"""
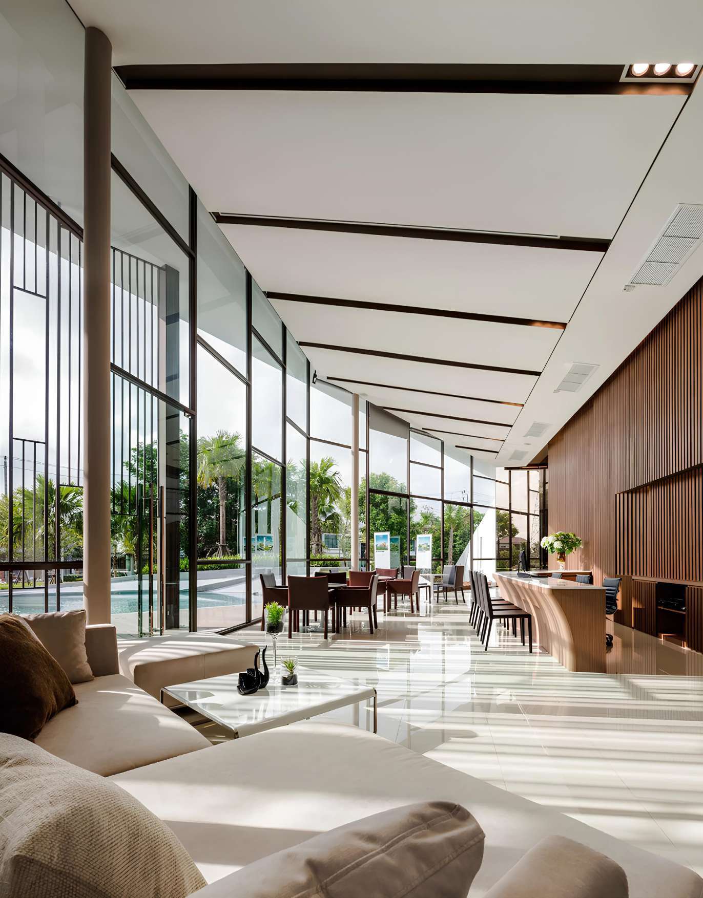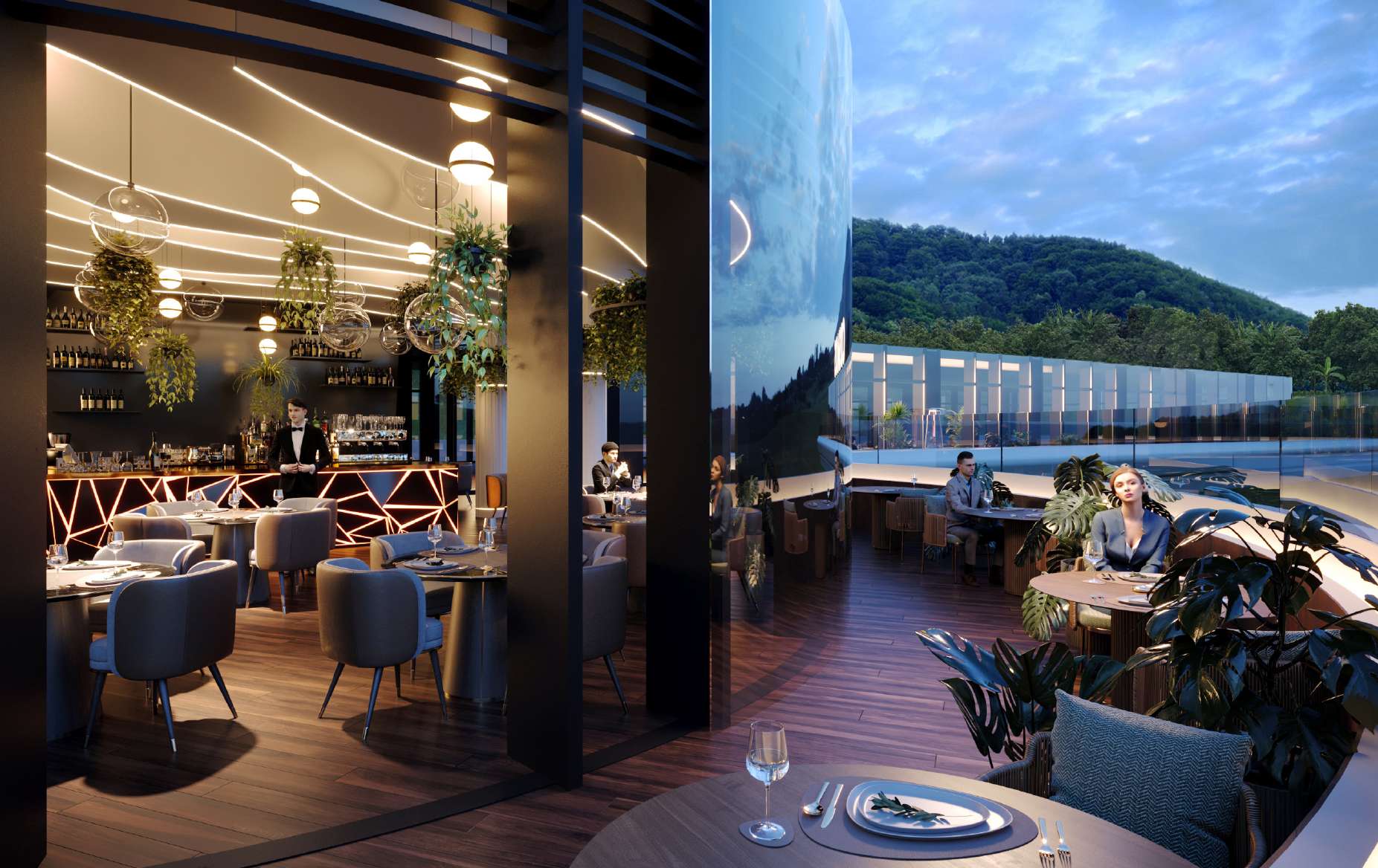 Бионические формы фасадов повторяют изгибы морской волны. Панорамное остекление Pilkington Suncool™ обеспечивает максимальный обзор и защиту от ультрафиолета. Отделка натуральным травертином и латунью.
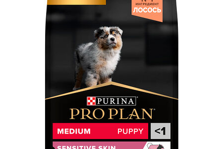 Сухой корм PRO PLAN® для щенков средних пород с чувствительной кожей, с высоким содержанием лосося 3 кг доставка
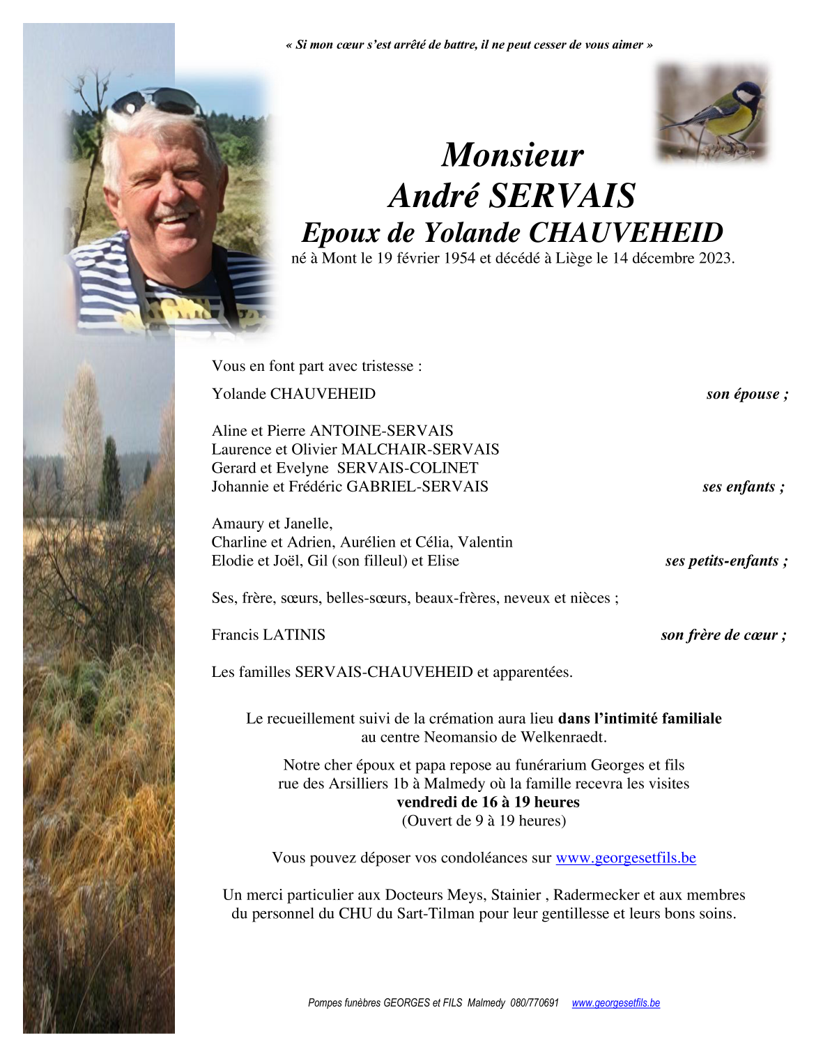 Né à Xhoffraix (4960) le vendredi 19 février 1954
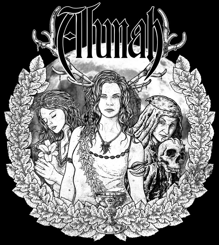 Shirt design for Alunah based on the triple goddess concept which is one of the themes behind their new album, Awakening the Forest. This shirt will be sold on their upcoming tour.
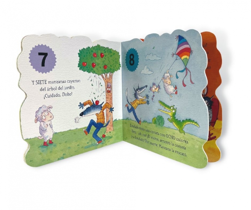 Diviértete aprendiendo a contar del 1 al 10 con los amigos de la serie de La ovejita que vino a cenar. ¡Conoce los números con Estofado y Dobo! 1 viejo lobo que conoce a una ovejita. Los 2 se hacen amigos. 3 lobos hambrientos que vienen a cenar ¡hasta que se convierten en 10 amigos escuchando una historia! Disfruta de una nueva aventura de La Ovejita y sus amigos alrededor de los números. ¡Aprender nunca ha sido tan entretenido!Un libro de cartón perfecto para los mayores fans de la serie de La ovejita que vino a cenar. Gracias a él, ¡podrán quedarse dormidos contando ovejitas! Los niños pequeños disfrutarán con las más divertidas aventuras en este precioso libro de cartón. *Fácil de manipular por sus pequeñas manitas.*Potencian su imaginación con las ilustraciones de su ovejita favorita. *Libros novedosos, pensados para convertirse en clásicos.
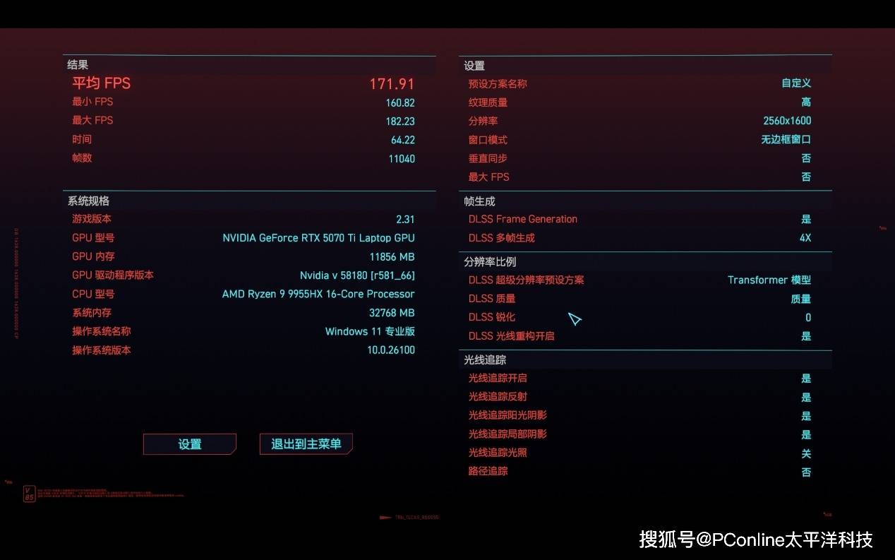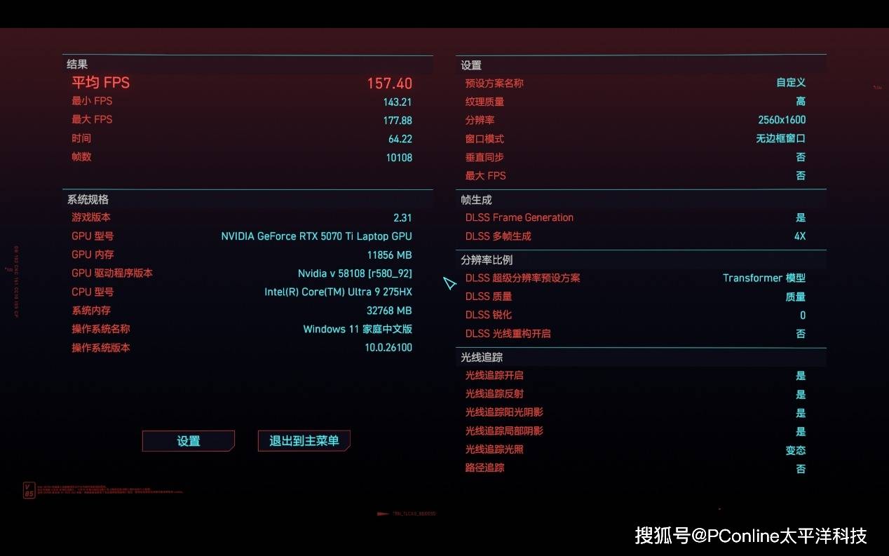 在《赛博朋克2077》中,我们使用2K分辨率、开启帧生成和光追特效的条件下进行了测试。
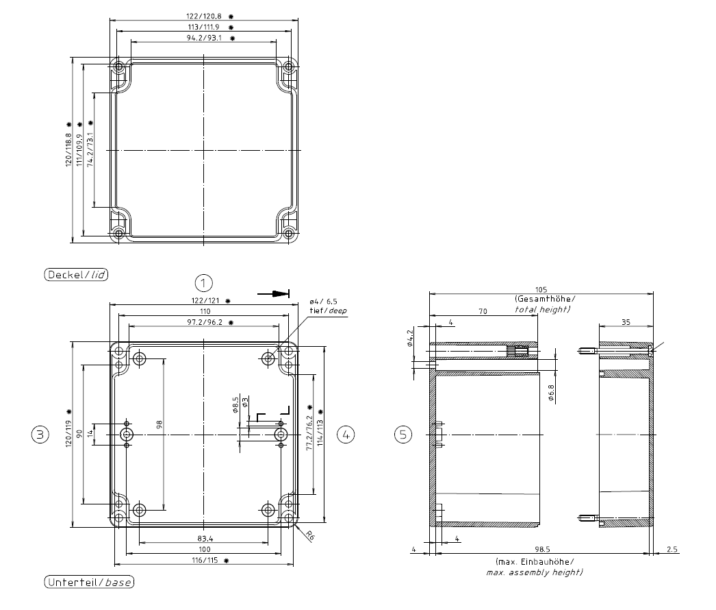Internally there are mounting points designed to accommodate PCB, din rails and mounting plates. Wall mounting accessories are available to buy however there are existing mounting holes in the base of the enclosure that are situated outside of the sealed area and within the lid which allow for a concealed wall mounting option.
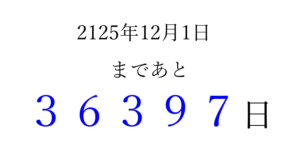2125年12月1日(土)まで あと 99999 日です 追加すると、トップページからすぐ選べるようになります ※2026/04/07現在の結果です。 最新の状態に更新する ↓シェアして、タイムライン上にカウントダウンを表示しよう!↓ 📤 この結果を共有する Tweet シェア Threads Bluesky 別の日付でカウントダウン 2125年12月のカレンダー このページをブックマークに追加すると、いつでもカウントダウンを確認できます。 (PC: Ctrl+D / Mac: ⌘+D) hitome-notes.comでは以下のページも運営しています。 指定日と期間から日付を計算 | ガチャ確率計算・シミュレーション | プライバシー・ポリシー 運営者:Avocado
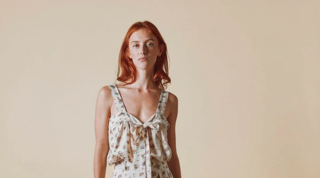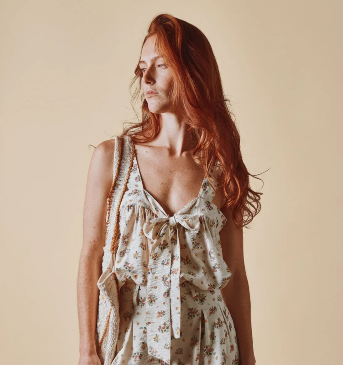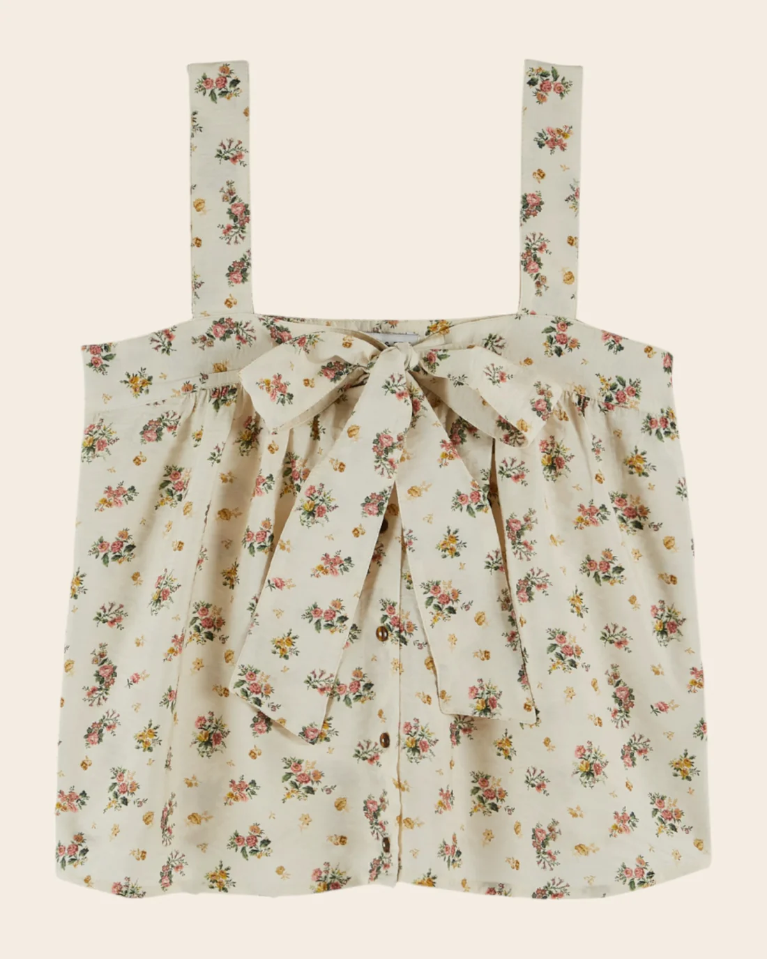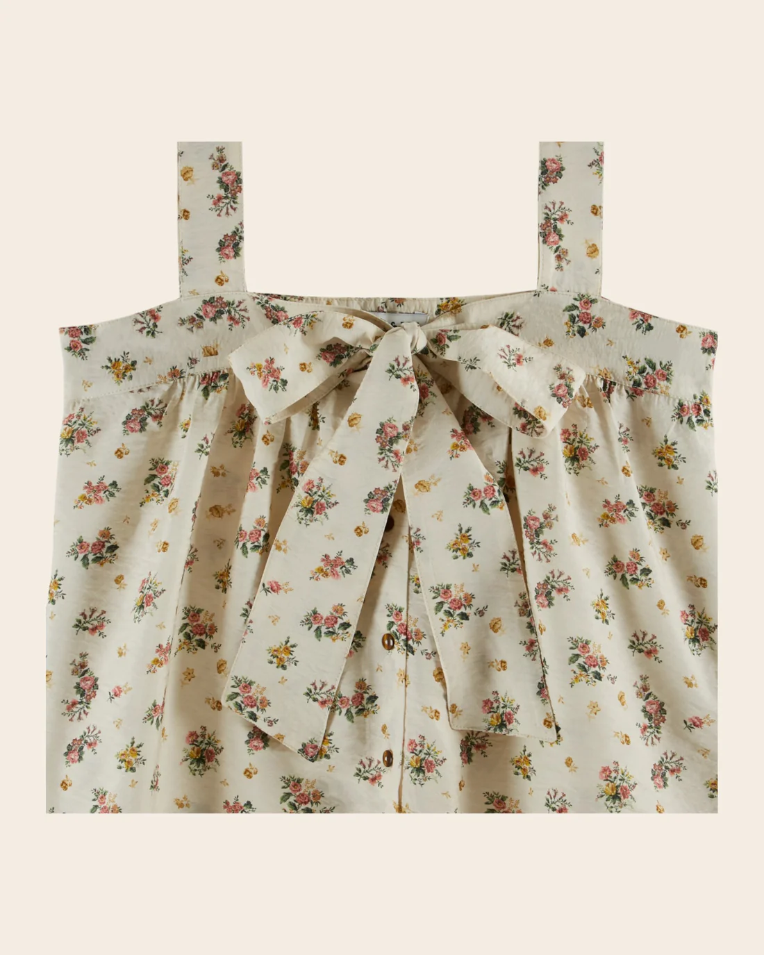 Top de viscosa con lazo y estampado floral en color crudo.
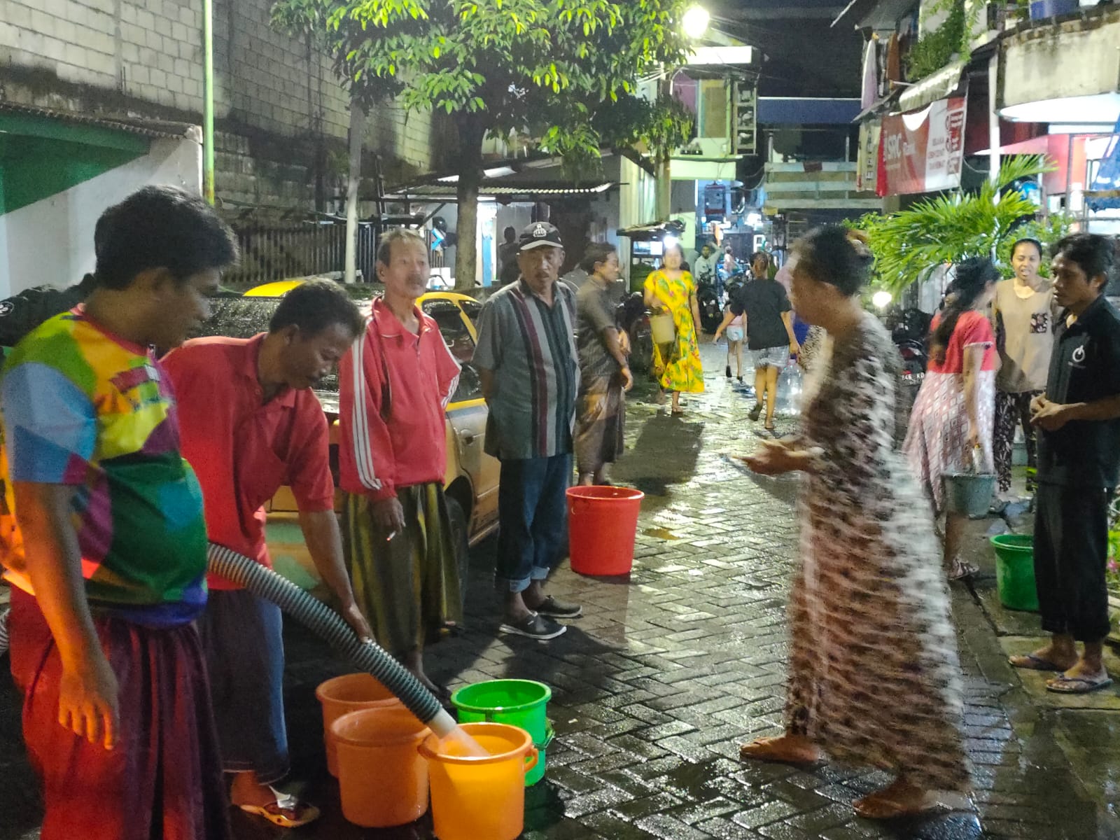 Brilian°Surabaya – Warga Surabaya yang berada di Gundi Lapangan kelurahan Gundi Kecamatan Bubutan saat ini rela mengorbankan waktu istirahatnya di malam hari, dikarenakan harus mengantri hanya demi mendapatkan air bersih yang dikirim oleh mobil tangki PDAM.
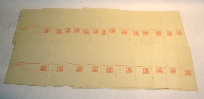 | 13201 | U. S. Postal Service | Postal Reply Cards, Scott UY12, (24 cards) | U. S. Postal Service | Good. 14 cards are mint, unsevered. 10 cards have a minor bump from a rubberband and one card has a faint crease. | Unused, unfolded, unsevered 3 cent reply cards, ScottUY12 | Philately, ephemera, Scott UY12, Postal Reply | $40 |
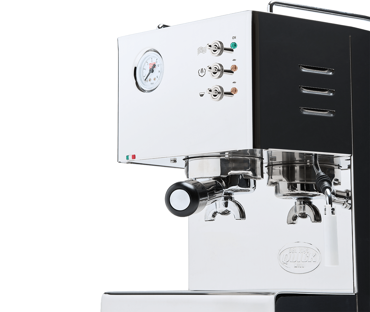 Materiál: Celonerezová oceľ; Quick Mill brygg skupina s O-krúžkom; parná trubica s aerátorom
"""
In the copy, include each entry exactly as written and none of the pictures.

Result:
 Бионические формы фасадов повторяют изгибы морской волны. Панорамное остекление Pilkington Suncool™ обеспечивает максимальный обзор и защиту от ультрафиолета. Отделка натуральным травертином и латунью.
 Сухой корм PRO PLAN® для щенков средних пород с чувствительной кожей, с высоким содержанием лосося 3 кг доставка
 Né à Xhoffraix (4960) le vendredi 19 février 1954
 Shirt design for Alunah based on the triple goddess concept which is one of the themes behind their new album, Awakening the Forest. This shirt will be sold on their upcoming tour.
 Diviértete aprendiendo a contar del 1 al 10 con los amigos de la serie de La ovejita que vino a cenar. ¡Conoce los números con Estofado y Dobo! 1 viejo lobo que conoce a una ovejita. Los 2 se hacen amigos. 3 lobos hambrientos que vienen a cenar ¡hasta que se convierten en 10 amigos escuchando una historia! Disfruta de una nueva aventura de La Ovejita y sus amigos alrededor de los números. ¡Aprender nunca ha sido tan entretenido!Un libro de cartón perfecto para los mayores fans de la serie de La ovejita que vino a cenar. Gracias a él, ¡podrán quedarse dormidos contando ovejitas! Los niños pequeños disfrutarán con las más divertidas aventuras en este precioso libro de cartón. *Fácil de manipular por sus pequeñas manitas.*Potencian su imaginación con las ilustraciones de su ovejita favorita. *Libros novedosos, pensados para convertirse en clásicos.
 在《赛博朋克2077》中,我们使用2K分辨率、开启帧生成和光追特效的条件下进行了测试。
Internally there are mounting points designed to accommodate PCB, din rails and mounting plates. Wall mounting accessories are available to buy however there are existing mounting holes in the base of the enclosure that are situated outside of the sealed area and within the lid which allow for a concealed wall mounting option.
2125年12月1日(土)まで あと 99999 日です 追加すると、トップページからすぐ選べるようになります ※2026/04/07現在の結果です。 最新の状態に更新する ↓シェアして、タイムライン上にカウントダウンを表示しよう!↓ 📤 この結果を共有する Tweet シェア Threads Bluesky 別の日付でカウントダウン 2125年12月のカレンダー このページをブックマークに追加すると、いつでもカウントダウンを確認できます。 (PC: Ctrl+D / Mac: ⌘+D) hitome-notes.comでは以下のページも運営しています。 指定日と期間から日付を計算 | ガチャ確率計算・シミュレーション | プライバシー・ポリシー 運営者:Avocado
 Top de viscosa con lazo y estampado floral en color crudo.
 Brilian°Surabaya – Warga Surabaya yang berada di Gundi Lapangan kelurahan Gundi Kecamatan Bubutan saat ini rela mengorbankan waktu istirahatnya di malam hari, dikarenakan harus mengantri hanya demi mendapatkan air bersih yang dikirim oleh mobil tangki PDAM.
 | 13201 | U. S. Postal Service | Postal Reply Cards, Scott UY12, (24 cards) | U. S. Postal Service | Good. 14 cards are mint, unsevered. 10 cards have a minor bump from a rubberband and one card has a faint crease. | Unused, unfolded, unsevered 3 cent reply cards, ScottUY12 | Philately, ephemera, Scott UY12, Postal Reply | $40 |
 Materiál: Celonerezová oceľ; Quick Mill brygg skupina s O-krúžkom; parná trubica s aerátorom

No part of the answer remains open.